El largo viaje de Maqroll El Gaviero

 

 

 

Esta navegación se inició en 1923 y su verdadera partida de bautizo se dio cuando Álvaro Mutis Jaramillo vivió de los dos a los nueve años en Bruselas, Bélgica. Los grandes transatlánticos que iban de América a Europa tenían el encanto irresistible de la aventura, de una ciudad en mitad del mar con orquesta y pulcros oficiales que, quizás por atender sus tareas y ser galantes con las damas, no tenían la peregrina consigna de entretener a los niños. Con los milagros del mar y los secretos de puentes, camarotes y bodegas, esas maquinas que jadeaban noche y día, podían disfrutar de Odiseas de tres semanas. Pero fue la perdida de este primer paraíso lo que aguzo desde el comienzo las nostalgias de Mutis y la percepción de sus sentidos. Venia de una Europa calvinista, de un colegio jesuita, y se topaba literalmente con el trópico bravío. El bullente mestizaje del puerto de Buenaventura y la delicia tonificante de esos llanos del Tolima donde la tierra sombreaba los cafetales, y el ganado con su mugir y las mieles de la caña hirviendo en los grandes pailones embriagaban con su música.

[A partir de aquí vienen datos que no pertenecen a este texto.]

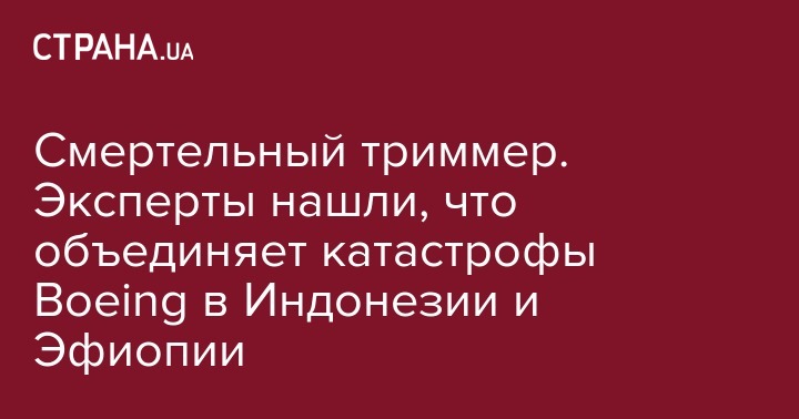 Авиационные эксперты, которые сейчас выясняют причины трагедии в Эфиопии, где разбился Boeing-737 MAX 8 со 157 пассажирами на борту, нашли связь с катастрофой такого же лайнера в Индонезии (произошла в октябре минувшего года, погибло 189 человек - Прим.Ред.).
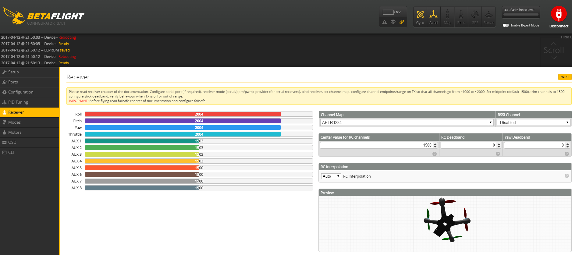 В общем при подключении по USB к контролеру sp racing f3 программой cleanflight во вкладке RECEIVER активны только 2 канала ( AUX1 и АUX2) при шевелении правым стиком. все больше ничего не работает не рол не пич не яв.
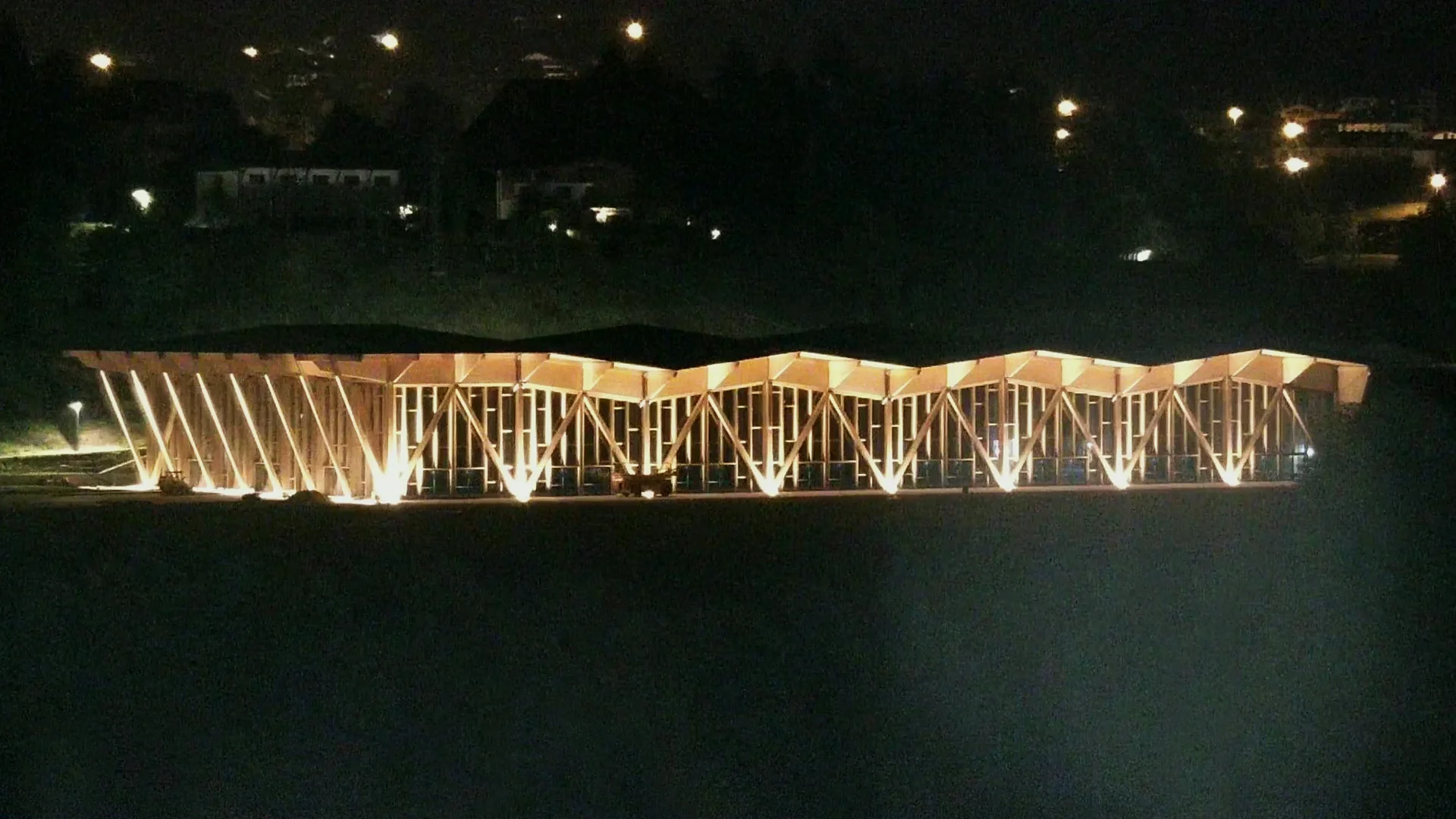 Collaudata l’illuminazione esterna della sala polivalente. La stuttura lignea viene messa in evidenza e valorizzata da un doppio sistema di fari a led che proiettano la luce dal basso sul lato ovest e dall’alto sul lato corto a nord.

Segundo paraíso: la Hacienda Coello, en las inmediaciones de un rio, con cascadas abruptas y playones dorados. Fue tal el impacto, en sensualidad y jubilo, que la piel se abrió y recibió la profunda caricia de una atmosfera tibia. De chapoleras, tan recias como intuitivas. De ahí que su primer poema, fechado en 1945, haga ya el censo de esa comarca, su enumeración vertiginosa ante una creciente que todo lo arrasa y confunde:

 

 

“Al amanecer crece el rio, retumban en el alba los

enormes troncos que vienen del paramo.

Sobre el lomo de las pardas aguas bajan

naranjas maduras, terneros

con la boca bestialmente abierta, techos pajizos,

loros que chillan sacudidos bruscamente por

los remolinos.

Me levanto y bajo hasta el puente. Recostado

en la baranda de metal rojizo, miro pasar el

desfile abigarrado. Espero un milagro que

nunca viene.

Tras el agua de repente enriquecida con dones

fecundísimos se va mi memoria.”

 

Enumeración, recuerdos, expectativas de algo que no se cumple, perfumes saturando los lugares que ya serán proverbiales para un viajero contumaz. Allí asoman las salas de espera, las sucias estaciones de ferrocarril, los hoteles visitados en la infancia. Allí late ya el corazón de la poesía de Mutis. Pero el hombre que se desempeña atareado como locutor de emisora (Radiodifusora Nacional, Nuevo Mundo) como relacionista público (Compañía Colombiana de Seguros, Eso Colombiana) va segregando, paulatinamente, un otro, un heterónimo, que en su desastrado peregrinaje por el mundo mantiene intactas esas vivencias decisivas.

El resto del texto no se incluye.